If I eat any food at all with higher carbohydrate content, during the day, it's likely to be at dinner, in the evening. The only problem I have is at business meetings, morning or afternoon teas. Typically no real food is ever provided. Sometimes you can't even get real butter. This is disgraceful, but that's what's easy to do, and it's become what people expect. Obesity isn't in the person, it's in our whole society, in the way we all think. In what we all accept as "normal."

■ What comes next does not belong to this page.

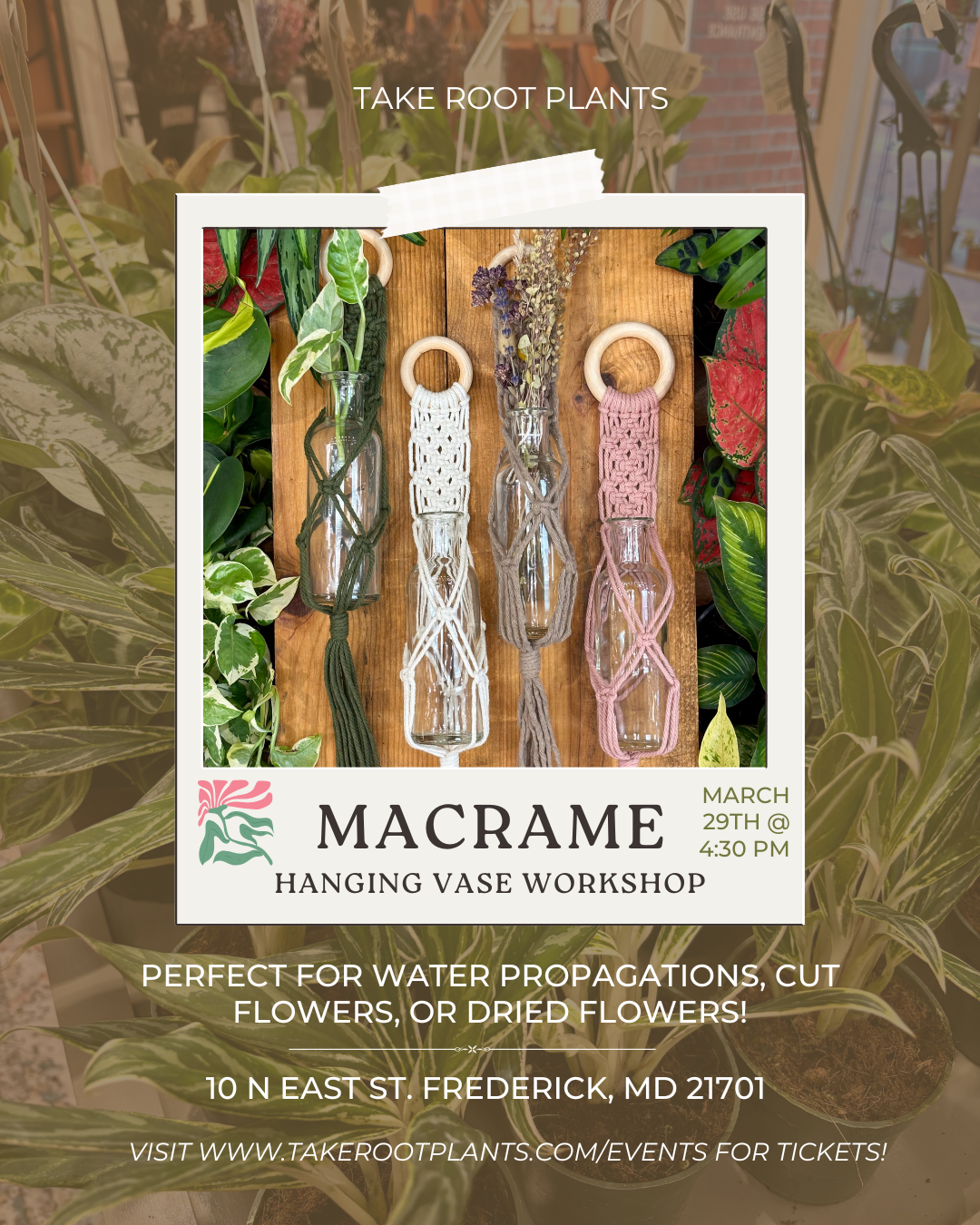 Take Root 10 N East St., Frederick, United StatesLearn how to make a beginner friendly Macrame Hanging Vase with Fran on Sunday, March 29th at the shop! In this class, you will be working with cotton cord to […]

So we get fat, by making wrong dietary choices, sometimes because we seem to have no option. The most damaging fatness is invisible. Visceral fat; that is the fat created by your liver that collects inside and around your internal organs. As this fat builds up your organs find it more and more difficult to be efficient. Fatty liver has no symptoms until it gets quite serious, but that's 20 years after the problem began. We don't know how many people at age 50 have non-alcoholic fatty liver disease, because we never test for it, but maybe almost everyone. Dr Tim Noakes tells us that it's probably the most under-diagnosed problem in medicine.
On the basis of current statistics, young people today will live shorter lives than their parents. They are fat 20 years earlier than their parents, and huge numbers are diabetic. This is entirely unnecessary. But to make effective change, our whole society has to develop quite different ideas about what a healthy diet looks like.